◆ **Record excerpts**:

· · · ·

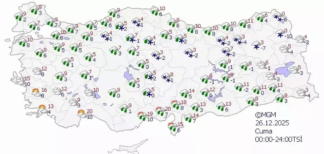 Meteoroloji Genel Müdürlüğü (MGM), 26 Aralık Cuma gününden itibaren Marmara ve İç Anadolu başta olmak üzere birçok bölgenin soğuk ve yağışlı havanın etkisine gireceğini duyurdu. Artvin ve Ardahan çevresinde kar yağışı beklenirken, Ankara Valiliği’nden gelen "zirai don ve buzlanma" uyarısı kar tatili beklentilerini artırdı. Peki, yarın okullar tatil mi? İşte il il son durum...
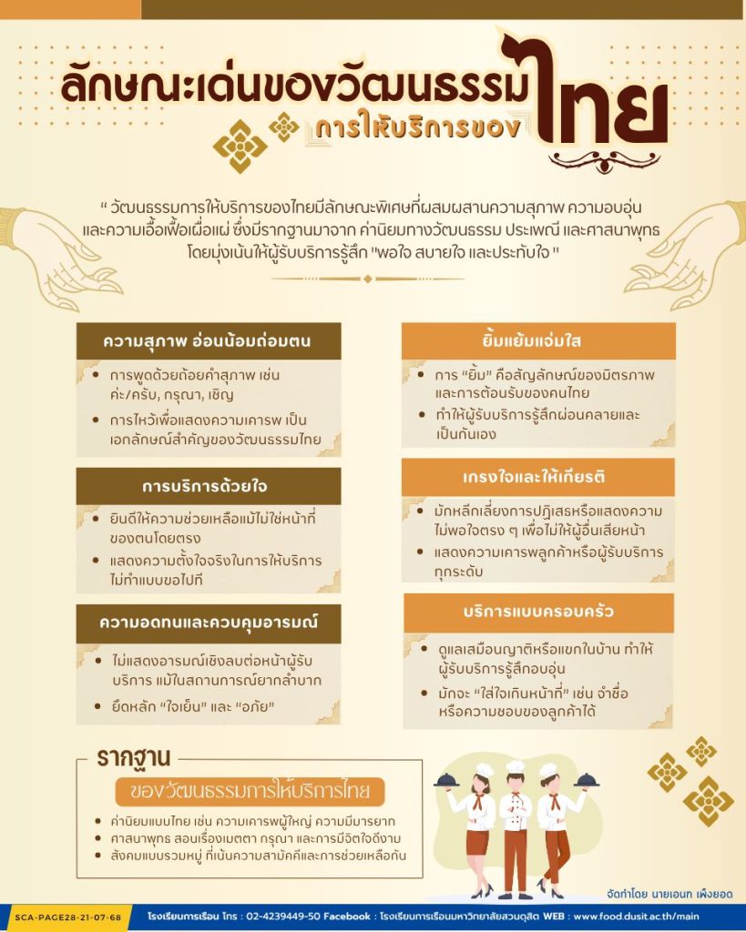 วัฒนธรรมการให้บริการของไทยมีลักษณะพิเศษที่ผสมผสานความสุภาพ ความอบอุ่น และความเอื้อเฟื้อเผื่อแผ่ ซึ่งมีรากฐานมาจาก ค่านิยมทางวัฒนธรรม ประเพณี และศาสนาพุทธ โดยมุ่งเน้นให้ผู้รับบริการรู้สึก “พอใจ สบายใจ และประทับใจ”
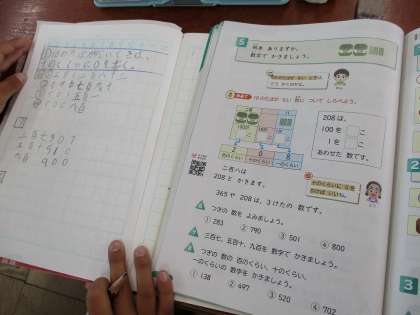 100をこえる数について、そのよみ方やかき方について学習しています。
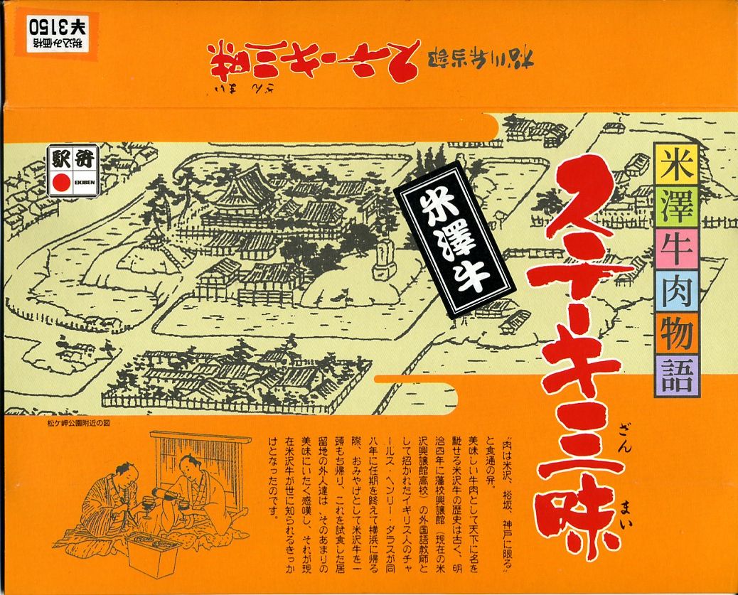2011(平成23)年秋の新作か。米沢駅弁に多数ある、飯と肉と付合せの組合せ。商品名と肉の写真で構成する黒い掛紙に包まれた発泡材の容器に、白飯を詰め、牛肉煮で覆い、味噌やダイコンを添える。見た目も内容も、「たまり醤油でじっくり煮込んだ米沢牛」の味も、今は普通の牛肉駅弁。価格は2012年時点で1,150円、2014年時点で1,200円、2017年時点で1,250円、2018年の購入時で1,300円、2020年時点で1,350円、2023年時点で1,380円。
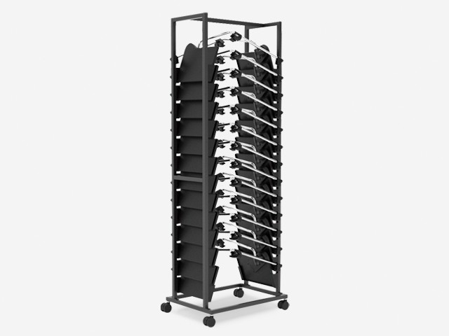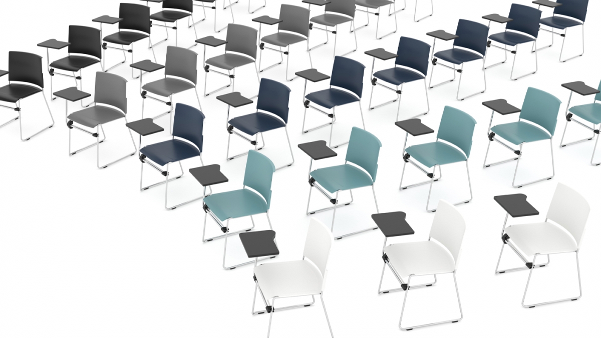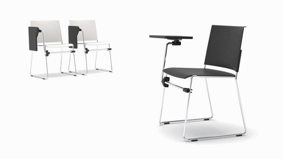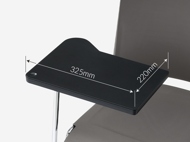 工具なしで着脱可能です。タブレットを使用しない時は、はね上げて回転収納もできます。(イスの連結時は回転収納不可)
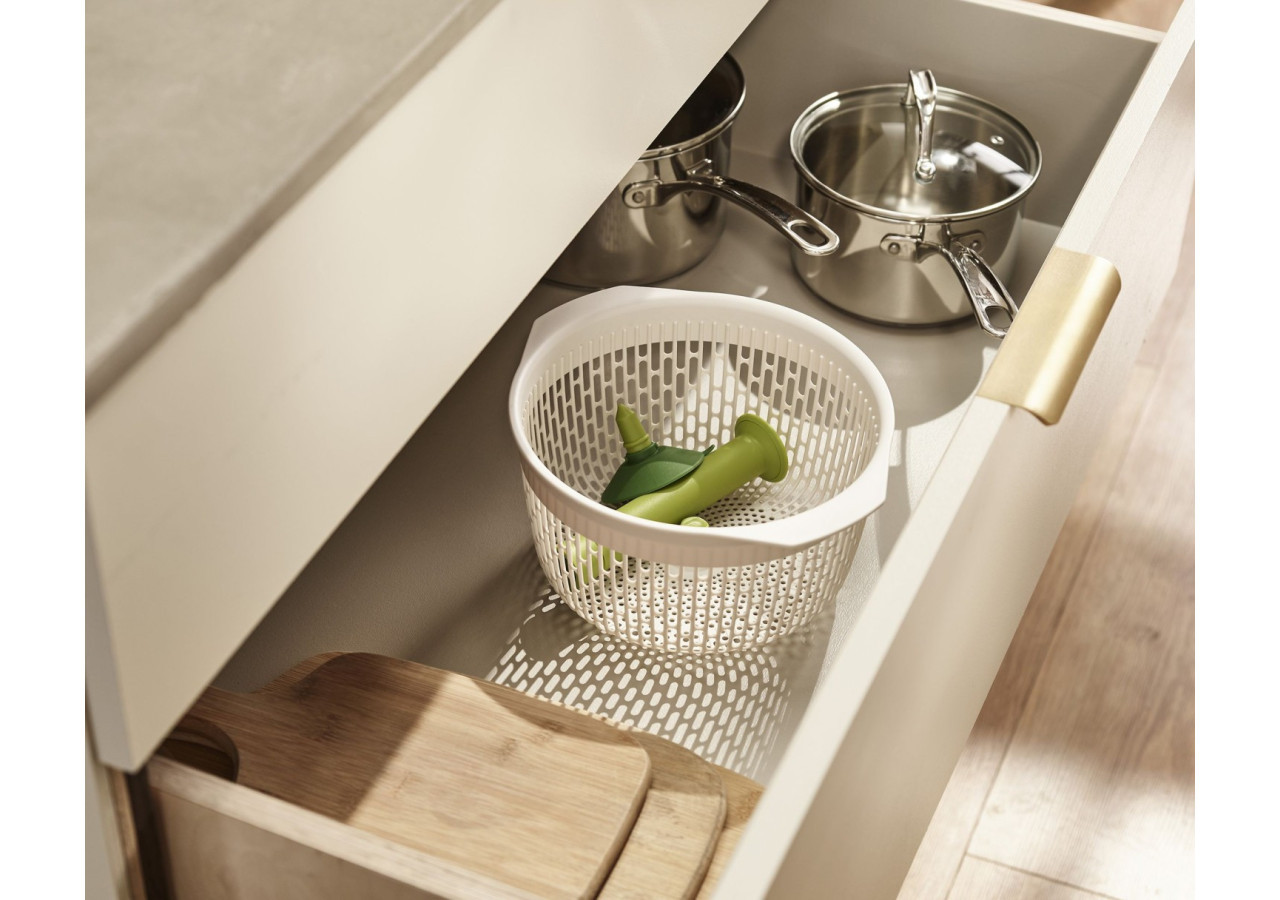 La Spindola de Joseph Joseph est un outil de cuisine révolutionnaire qui allie centrifugeuse à salade et passoire en un seul appareil. Fabriquée en acier inoxydable durable avec un pied anti-dérapant, elle assure une stabilité parfaite lors de son utilisation.
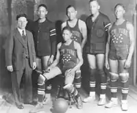 «Гарлем Глобтроттерс», ок. 1930 года. Стоят слева направо: Эйб Саперстейн, Уолтер (Тутс) Райт, Байрон (Фэт) Лонг, Инман Джексон, Уильям (Кид) Оливер; сидит — Рант Пуллинз
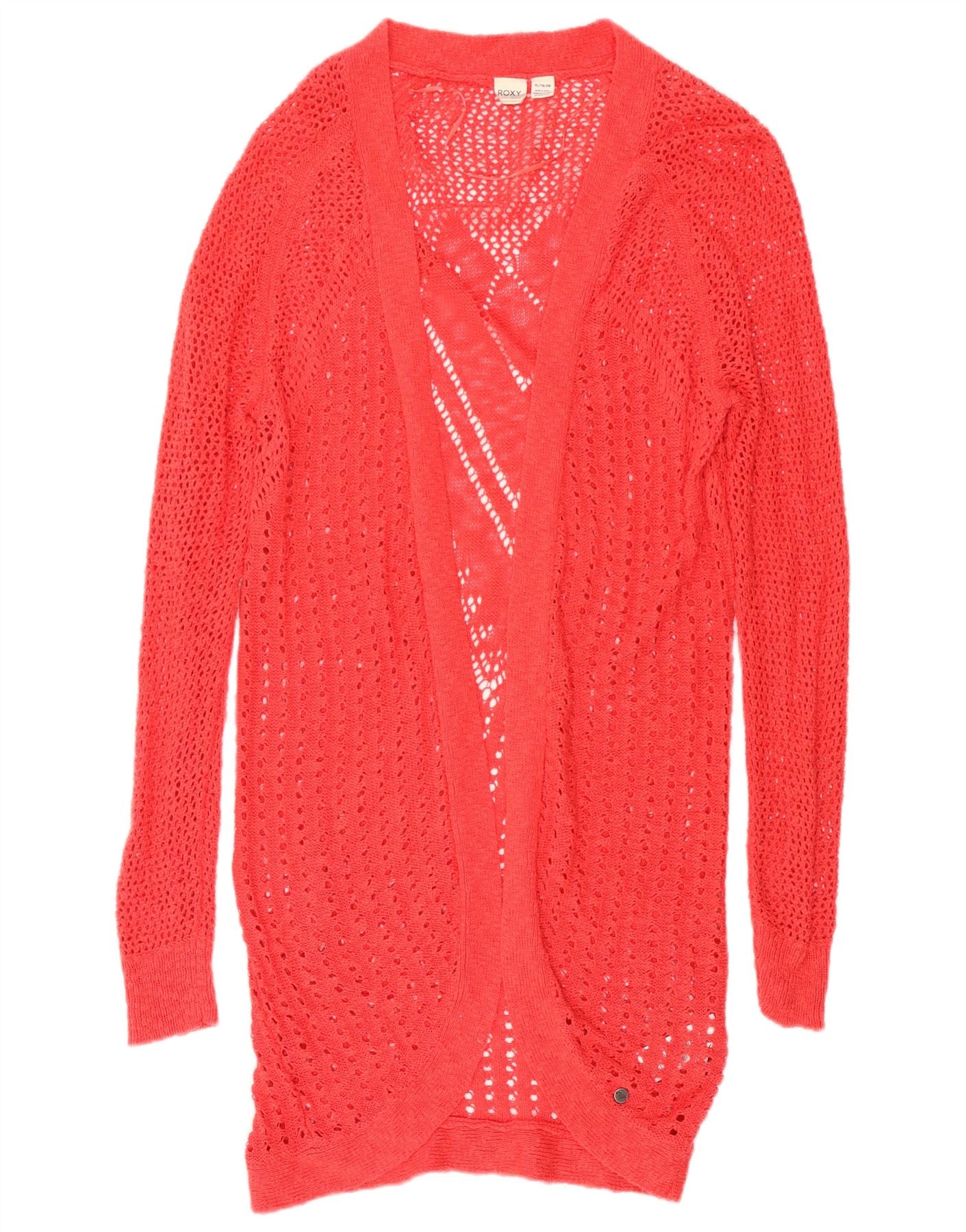 ROXY ženski dugački heklani kardigan pulover UK 18 XL crveni pamuk
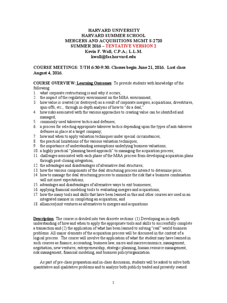 2. Introduction to M&A 1. Chapters 1 Introduction to Mergers and

· · · ·

◆ **Directions**: Starting with the line that contains "ROXY ženski dugački", repeat each line exactly through the last line of the data above, and nothing more; the pictures stay out.

◆ **Answer for the task**:
 ROXY ženski dugački heklani kardigan pulover UK 18 XL crveni pamuk
 2. Introduction to M&A 1. Chapters 1 Introduction to Mergers and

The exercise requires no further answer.